The first problem is, given some set of data, how to find that monotonically increasing part.
It’s a fairly straightfoward idea: sort in terms of the x
variable, step through and note the points where the observed y
variable is higher than any point you’ve seen before.
monoselect <- function(x, y)
{
if (missing(y) || is.null(y))
stop("numeric y must be supplied.")
ord <- order(x)
len <- length(x)
if (len != length(y)) stop("y must have same length as x.")
returnvec = ord[1]
tmp = y[ord[1]]
for (i in 2:length(x)) {
if (y[ord[i]] >= tmp) {
returnvec = c(returnvec, ord[i])
tmp = y[ord[i]]
}
}
returnvec
}
This is precisely analogous to the chull
example in the documentation, so we can make a similar change as there:
library(ggplot2)
# make new stat based on monoselect
StatMono <- ggproto("StatMono", Stat,
compute_group = function(data, scales) {
data[monoselect(data$x, data$y), , drop = FALSE]
},
required_aes = c("x", "y")
)
# make new layer based on StatMono
stat_mono <- function(mapping = NULL, data = NULL, geom = "line",
position = "identity", na.rm = FALSE, show.legend = NA,
inherit.aes = TRUE, ...) {
layer(
stat = StatMono, data = data, mapping = mapping, geom = geom,
position = position, show.legend = show.legend, inherit.aes = inherit.aes,
params = list(na.rm = na.rm, ...)
)
}
What it looks like:
set.seed(20190422)
library(tibble)
df <- tibble(group = rep(c('A','B'), times = 50),
x = rep(1:50, 2),
y = (rep(1:2, times = 50) * x + 7 * rnorm(100)))
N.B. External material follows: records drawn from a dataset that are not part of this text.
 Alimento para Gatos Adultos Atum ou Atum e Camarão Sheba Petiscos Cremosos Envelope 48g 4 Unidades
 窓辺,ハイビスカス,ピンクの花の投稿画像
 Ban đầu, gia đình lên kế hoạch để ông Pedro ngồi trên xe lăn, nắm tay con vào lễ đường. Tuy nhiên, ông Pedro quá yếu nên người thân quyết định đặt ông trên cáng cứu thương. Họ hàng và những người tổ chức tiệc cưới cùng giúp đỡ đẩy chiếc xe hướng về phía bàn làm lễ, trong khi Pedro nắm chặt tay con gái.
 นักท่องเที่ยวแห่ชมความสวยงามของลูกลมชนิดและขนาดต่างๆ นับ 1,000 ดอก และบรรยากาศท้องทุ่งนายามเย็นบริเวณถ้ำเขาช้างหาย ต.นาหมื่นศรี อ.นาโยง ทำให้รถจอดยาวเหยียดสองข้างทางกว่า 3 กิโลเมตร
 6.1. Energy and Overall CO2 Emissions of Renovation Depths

p <- ggplot(data = df, mapping = aes(color = group, x = x, y = y)) +
geom_point() +
stat_mono(aes(color = group)) +
theme_minimal() +
NULL
plotly::ggplotly(p)
Incidentally, if you don’t know this trick, give it a whirl: when you’re adding
to a ggplot
, write your code as whatever() +
and throw a NULL
at the end.
It makes it easier to add or comment out lines without worrying about killing
the plot.
Next I am interested in finding local maxima, I haven’t written the functions yet, but here is what I want to accomplish:
nreps = 30
df <- tibble( x = rep(1:10, each = nreps) + rnorm(10*nreps, sd = 0.2),
means = rep(sample(1:10, 10, replace = TRUE), each = nreps),
y = rnorm(10*nreps, means, 3))
plotly::ggplotly(qplot(x,y,data = df) + theme_bw())
I want to have the local maxima marked by a curve in a LOESS-like fashion, probably with a specified bandwidth. Whether it catches the dip at approximately 7 or not depends on the bandwidth, but it certainly shouldn’t think the maximum just after 5 is where the line should stay forever. I’ll get around to writing this soon.
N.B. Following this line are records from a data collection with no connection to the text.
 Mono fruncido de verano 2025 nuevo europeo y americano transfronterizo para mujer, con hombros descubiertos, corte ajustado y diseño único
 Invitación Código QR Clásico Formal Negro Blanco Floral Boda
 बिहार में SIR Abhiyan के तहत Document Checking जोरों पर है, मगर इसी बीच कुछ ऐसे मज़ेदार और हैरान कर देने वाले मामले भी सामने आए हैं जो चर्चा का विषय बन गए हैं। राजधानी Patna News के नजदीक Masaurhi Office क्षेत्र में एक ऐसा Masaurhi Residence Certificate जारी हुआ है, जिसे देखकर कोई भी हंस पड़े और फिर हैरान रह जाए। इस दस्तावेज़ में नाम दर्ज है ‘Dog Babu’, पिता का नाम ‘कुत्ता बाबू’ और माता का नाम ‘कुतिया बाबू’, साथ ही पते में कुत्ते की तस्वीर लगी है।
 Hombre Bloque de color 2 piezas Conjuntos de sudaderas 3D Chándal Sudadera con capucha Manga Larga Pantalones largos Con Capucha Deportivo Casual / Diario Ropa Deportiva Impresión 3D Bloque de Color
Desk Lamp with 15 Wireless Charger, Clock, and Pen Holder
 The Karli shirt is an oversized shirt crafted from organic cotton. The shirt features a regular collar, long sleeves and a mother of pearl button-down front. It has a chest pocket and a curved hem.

I don’t know if these two functions are worth turning into a package, but they’d be useful enough for a couple things I’m doing at the moment. Whatever the case, here you got to see my first attempt at making my own ggplot2
extensions. If you write something for the open question at the end here before I do, let me know.
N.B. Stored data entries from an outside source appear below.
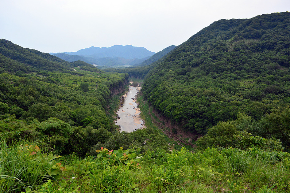 푸른 물결 굽어 도는 한탄강의 산허리가 보인다.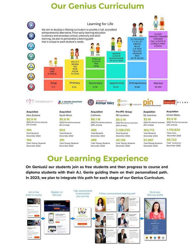 Genius Group (or the Group) refers to the entire group of companies within Genius Group, which include the four companies in the Pre-IPO Group and, following the closing of their acquisitions, the five Acquisitions as defined below.
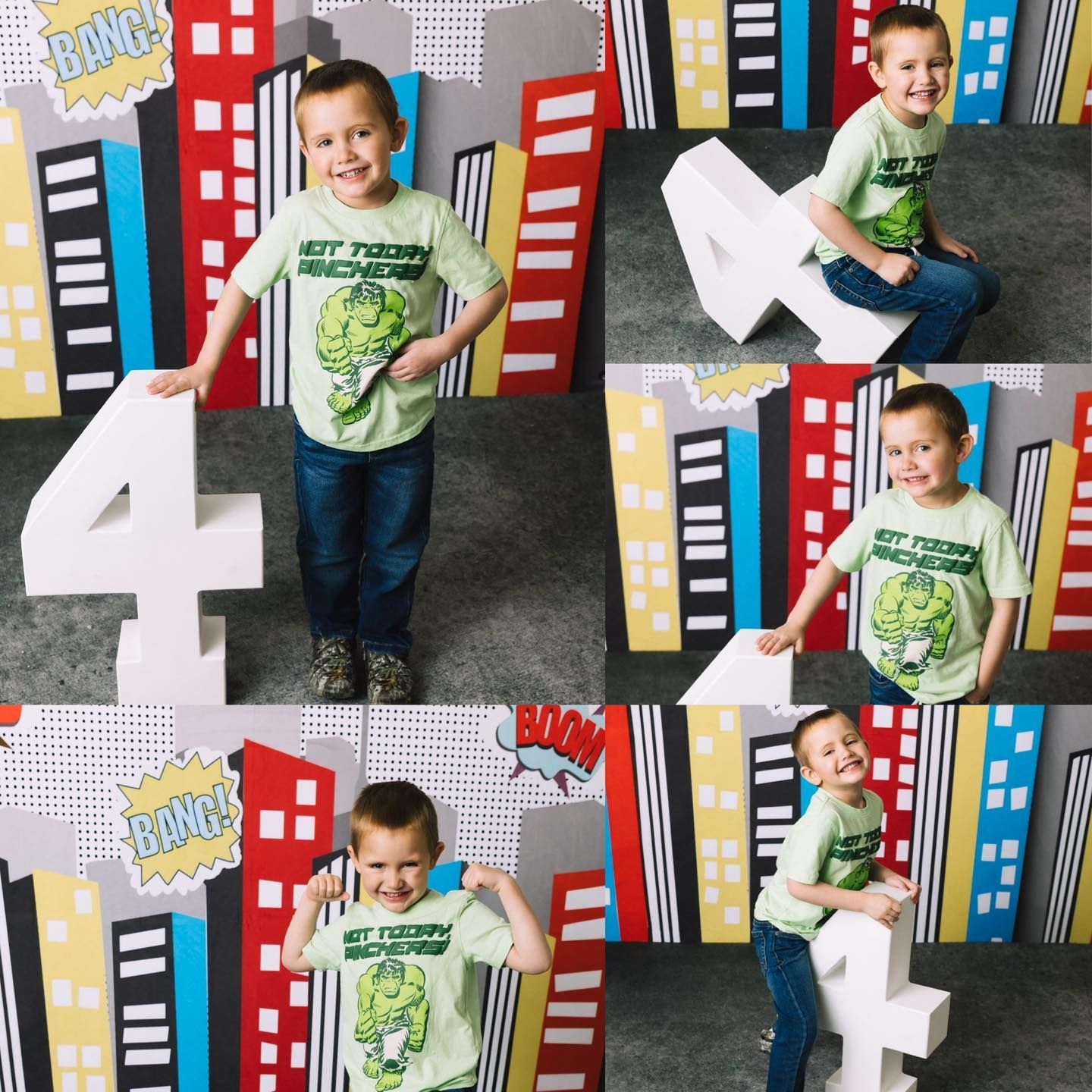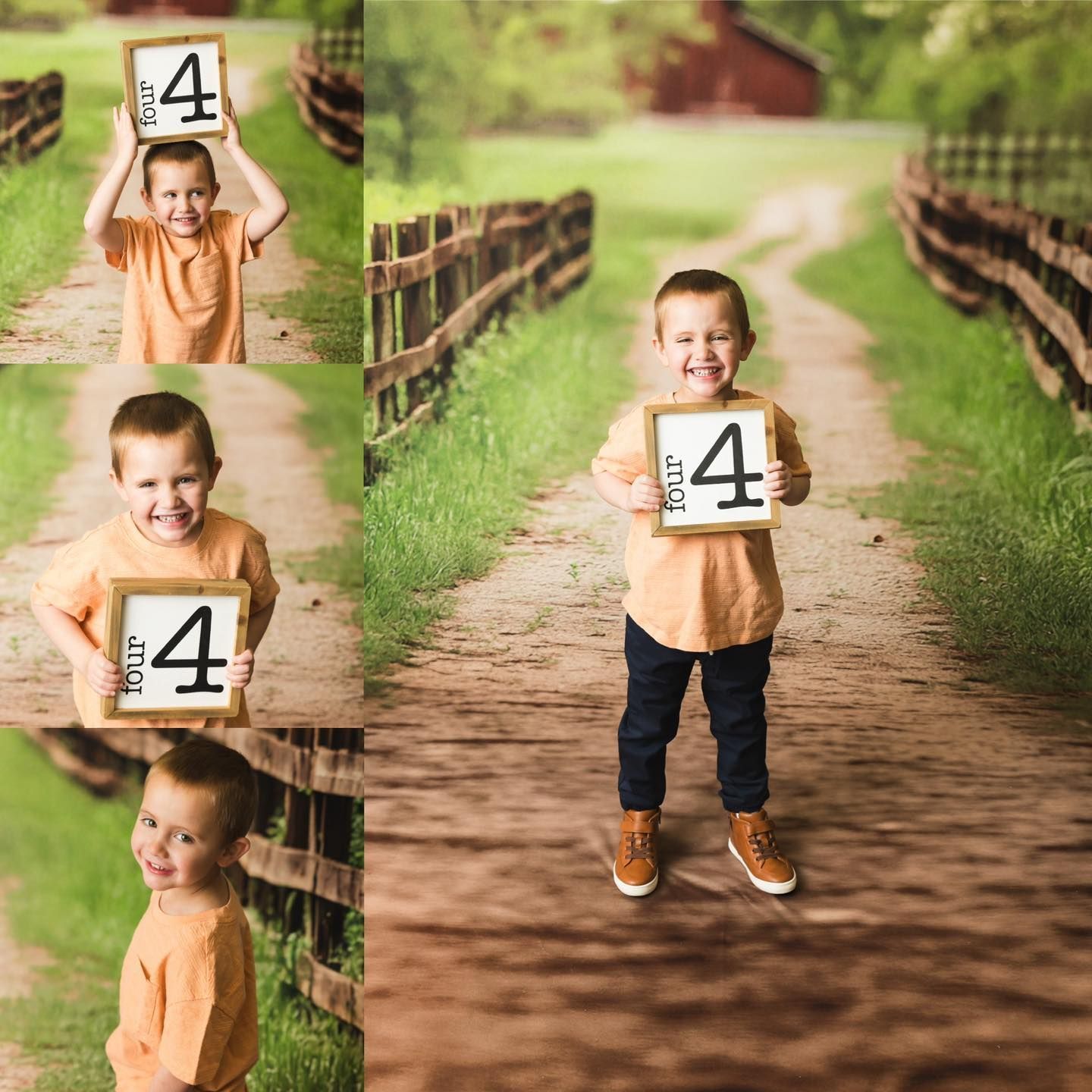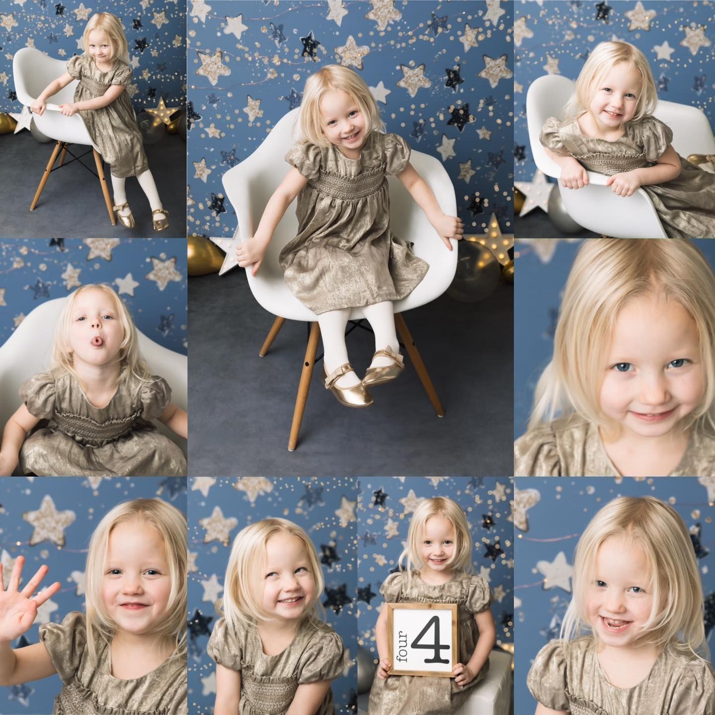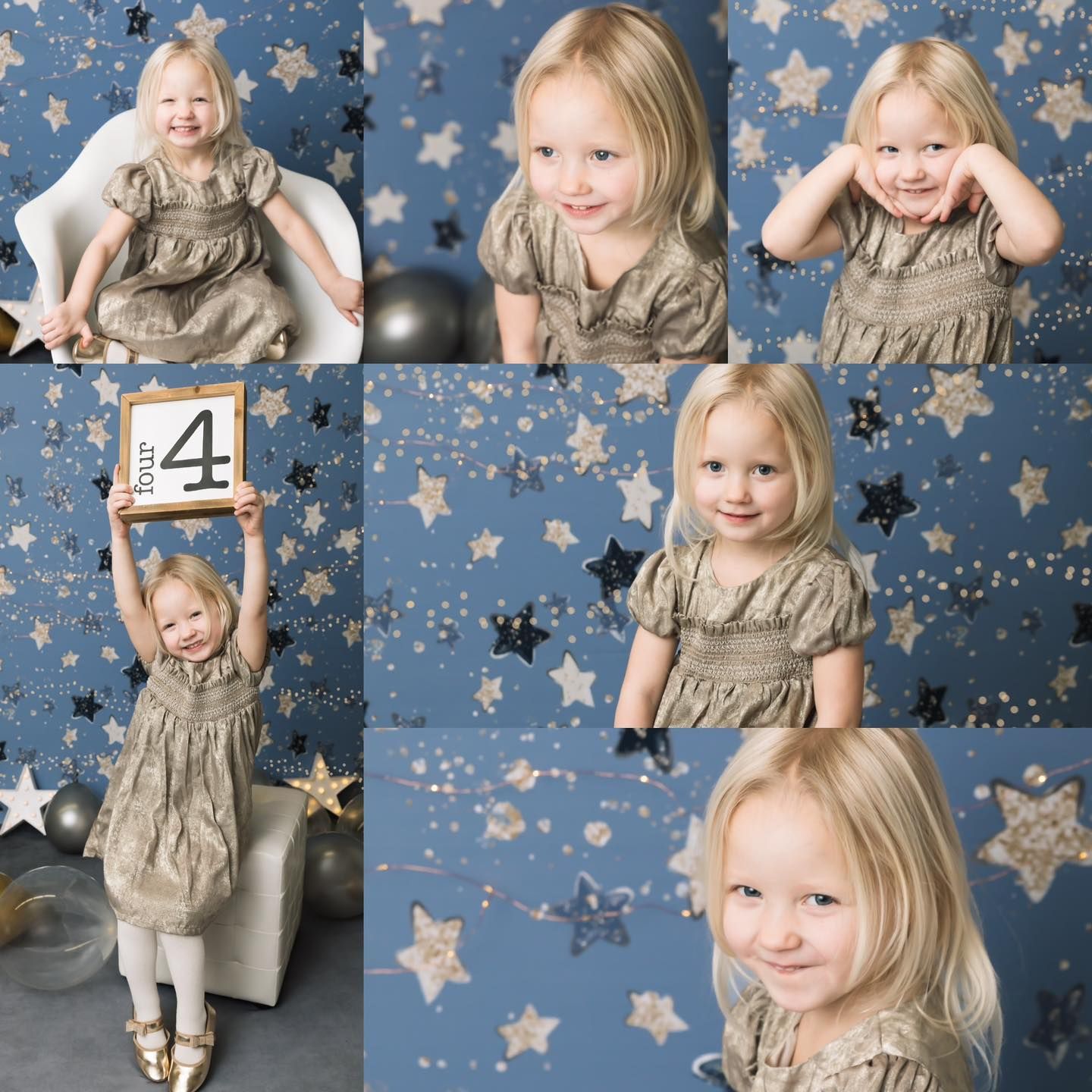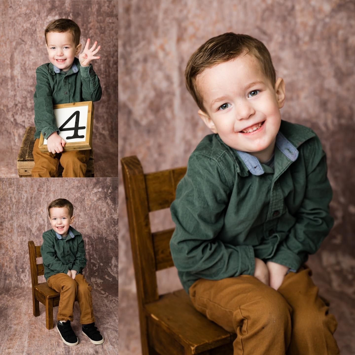 • Young child with a happy expression holding up four fingers against a blue backdrop.

[1]: Incidentally, I found James Comey’s remarks on this in, if I recall correctly, this pod-cast, rather refreshing. It is kind of an odd reference for me to make, in some sense, but also completely characteristic in another. The context was new hires to the FBI and his point was essentially that joining the Bureau was a big thing and it would worrisome not to sometimes feel a little overwhelmed and out of place.